Edge of Dark Water
- Mulholland Books edition
- Author: Joe R. Lansdale
- Language: English
- Genre: Murder mystery
- Publisher: Mulholland Books
- Publication date: March 2012
- Publication place: United States
- Media type: Print (Hardcover)
- Pages: 292
- ISBN: 978-0-316-18843-2
- Preceded by: All the Earth, Thrown to the Sky(2011)
- Followed by: In Waders From Mars (Children’s Book)(2012)

= Edge of Dark Water =

2012 novel by Joe R. Lansdale

Edge of Dark Water is a murder/mystery novel written by American author Joe R. Lansdale. It was published by Mulholland Books in March 2012. A limited edition has been issued by British publisher PS Publications. It was recognized as a Booklist Editors' Choice: Adult Books for Young Adults by the American Library Association.

==Plot summary==
The novel is set during the Great Depression in East Texas. Teenager Sue Ellen and her friends discover the body of May Lynn, one of their friends, tied to a Singer Sewing Machine in the Sabine River. May Lynn had had dreams of running off to Hollywood to be a movie star. So the group of young people decide to take May Lynn's ashes to Hollywood to fulfill her final dream.
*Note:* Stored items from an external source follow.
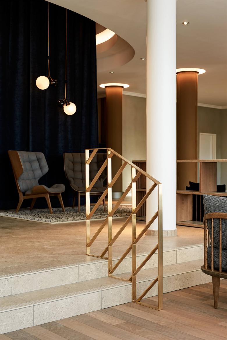 Der Farb- und Materialmix stellt dem Dunkelblau noch ein Grau und ein dunkles Terracotta zur Seite. Diese Farben finden sich in der individuell gestalteten Tapete ebenso, wie in den Wandfarben und losen Teppichen. Natürlich fehlen nicht die messingfarbenen Details, die dem Ländlichen eine elegante Note verleihen. Gold schimmernde Metallvorhänge verkleiden die Säulen, Objektleuchten und Seilgarderoben glänzen in Messing und ein goldenes Deckenfeld in der Mitte des 2-geschossigen Foyers strahlt warmes Licht aus.
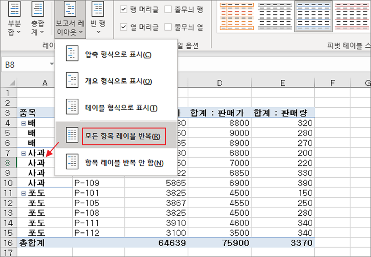 ▼ 보고서 레이아웃에서 “모든 항목 레이블 반복” 은 생략된 동일한 값들을 모두 표시합니다.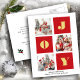 JOY Elegant Gold Snowflakes Modern Script 3 Photo Collage on Red and Green Festive Postcard. Send Holiday Greetings to your loved ones with this minimalist and modern Christmas Holiday Postcard. All the texts are pre-arranged for you to personalise easily and quickly with your own details. Happy Holidays!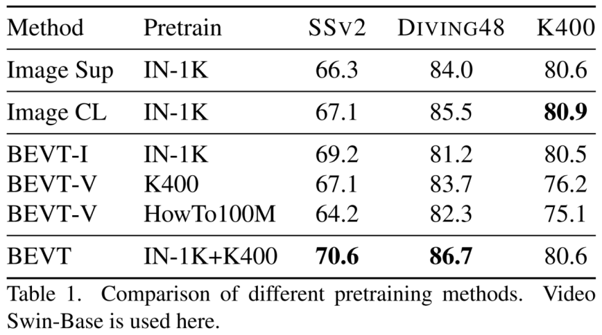 实验结果表明,BEVT 在 Something-Something v2 和 Diving48 上都要显著优于全监督预训练(Top-1 准确率分别高 4.3% 和 2.7%)和对比学习预训练,而在 Kinetics-400 上则取得了与 2 种 baseline 相当的结果。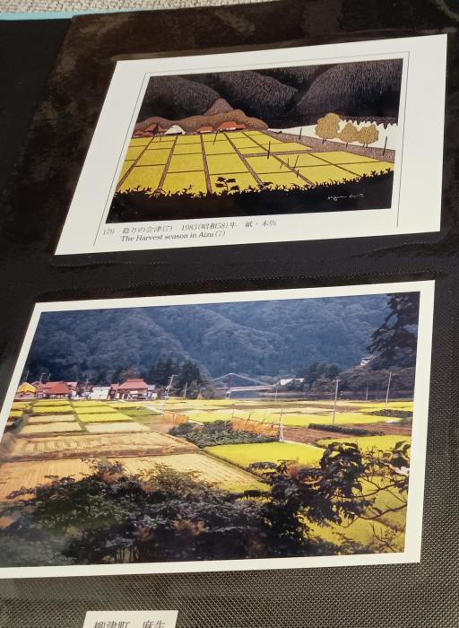 11月5,6日と西会津方面に旅行、会津西山温泉の”旅館中の湯”さんへ泊って帰りに斎藤清美術館そしてアトリエ館に寄り・・作品とその場所をめぐってきた。作品案内とあわせ、現地の写真がある・・意外と何の変哲もないとこでも作品になるとなんとも日本的な趣のある風景が引き立つのですね・・ほっこりするよな、そんな作風が好きですね・・斎藤清(1907〜1997年)は、福島県河沼郡会津坂下町出身の木版画家です。 独学で独自の木版画技法を確立したことが有名で、なおかつ浮世絵版画の技法や西洋作家の近代的造形を積極的に取り入れ、独自の日本的感情を表現したことが高く評価されてます・・

After finding and taking a large amount of stolen money, they set out on their adventure pursued by a psychopathic killer named Skunk who is hell-bent on recovering the money for himself.

PS Publishing cover

==Editions==
This book is published in the United States by Mulholland Books and by PS Publishing in the U.K. It was re-issued as a trade paperback by Mulholland 12 February 2013. The song Edge of Dark Water was penned by Joe's Daughter Kasey Lansdale and is available for a free download through link/qr code form in the American and British trade paperback editions.